> **Collected material**:
_ _ _ _ _ _ _
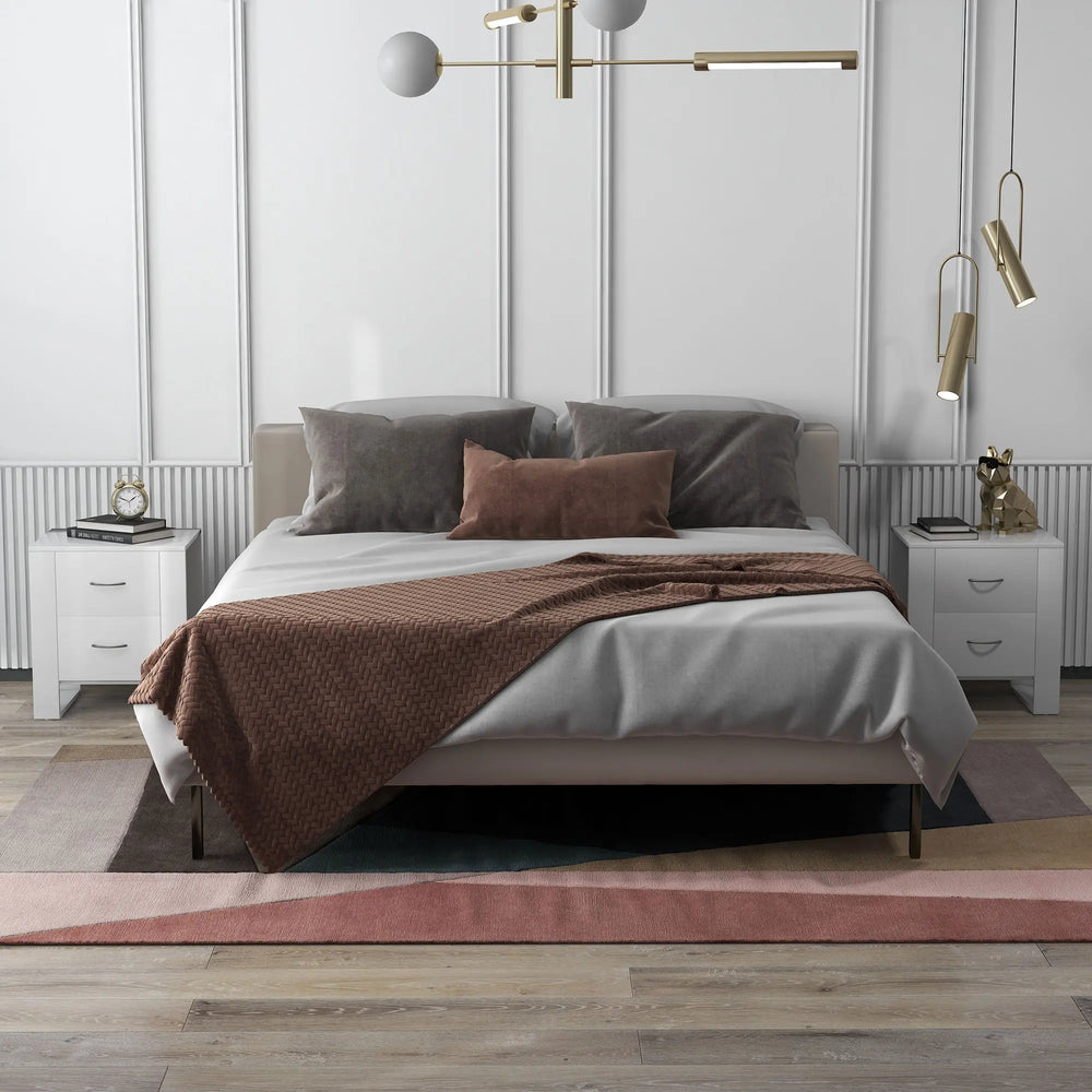 - Two-drawer: This bedside cabinet provides plenty of room to keep all your bedtime and bedroom essentials stored and within close and easy reach to you. Silver tone handles for easy opening of the draws.
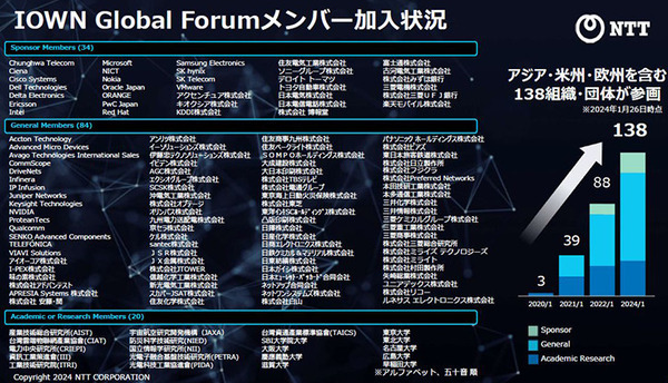 なお、冒頭で前述した「IOWN Global Forumメンバー」は、現状ではの下記の通り138となっている。
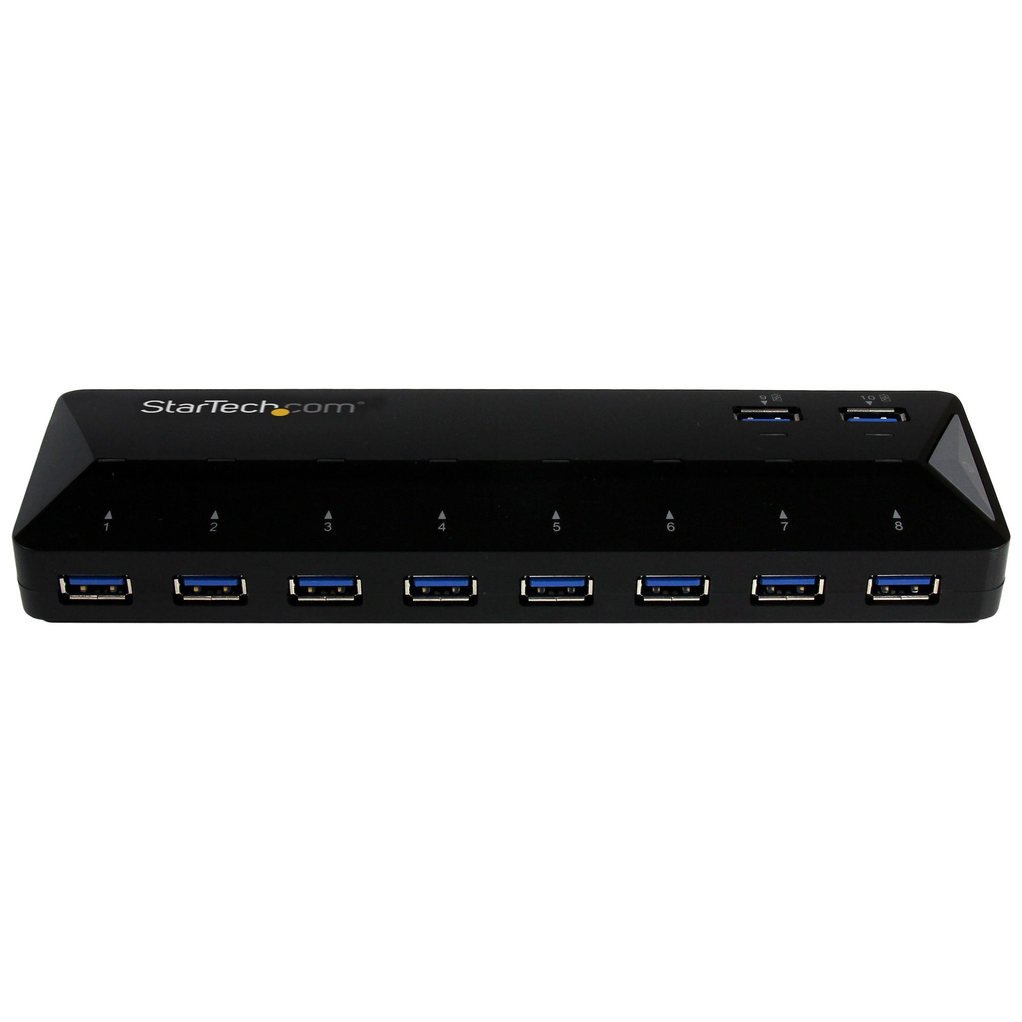 The StarTech.com ST103008U2C interface hub boasts a sleek, minimalist design with a sturdy casing that fits neatly on any desk or workstation. Its lightweight form factor makes it highly portable, perfect for mobile professionals. The intuitive layout of ports ensures easy access and cable management, contributing to a clutter-free workspace.
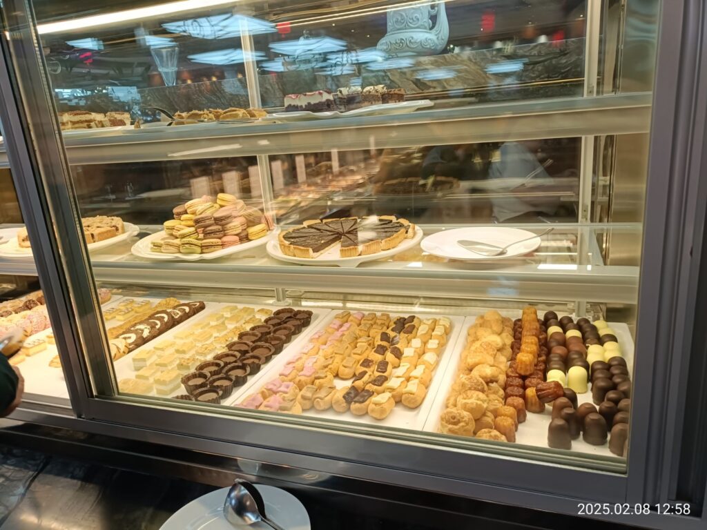 お菓子系も色々。ただものによってはちょっと乾いてもそもそしているものも😅この横にあったパンナコッタやティラミスなどの冷製デザートはフレッシュでおいしかったです。
_ _ _ _ _ _ _
> **Instructions to follow**: Reproduce the whole listing exactly, but not the images in it.

> **Answer for the task**:
 - Two-drawer: This bedside cabinet provides plenty of room to keep all your bedtime and bedroom essentials stored and within close and easy reach to you. Silver tone handles for easy opening of the draws.
 なお、冒頭で前述した「IOWN Global Forumメンバー」は、現状ではの下記の通り138となっている。
 The StarTech.com ST103008U2C interface hub boasts a sleek, minimalist design with a sturdy casing that fits neatly on any desk or workstation. Its lightweight form factor makes it highly portable, perfect for mobile professionals. The intuitive layout of ports ensures easy access and cable management, contributing to a clutter-free workspace.
 お菓子系も色々。ただものによってはちょっと乾いてもそもそしているものも😅この横にあったパンナコッタやティラミスなどの冷製デザートはフレッシュでおいしかったです。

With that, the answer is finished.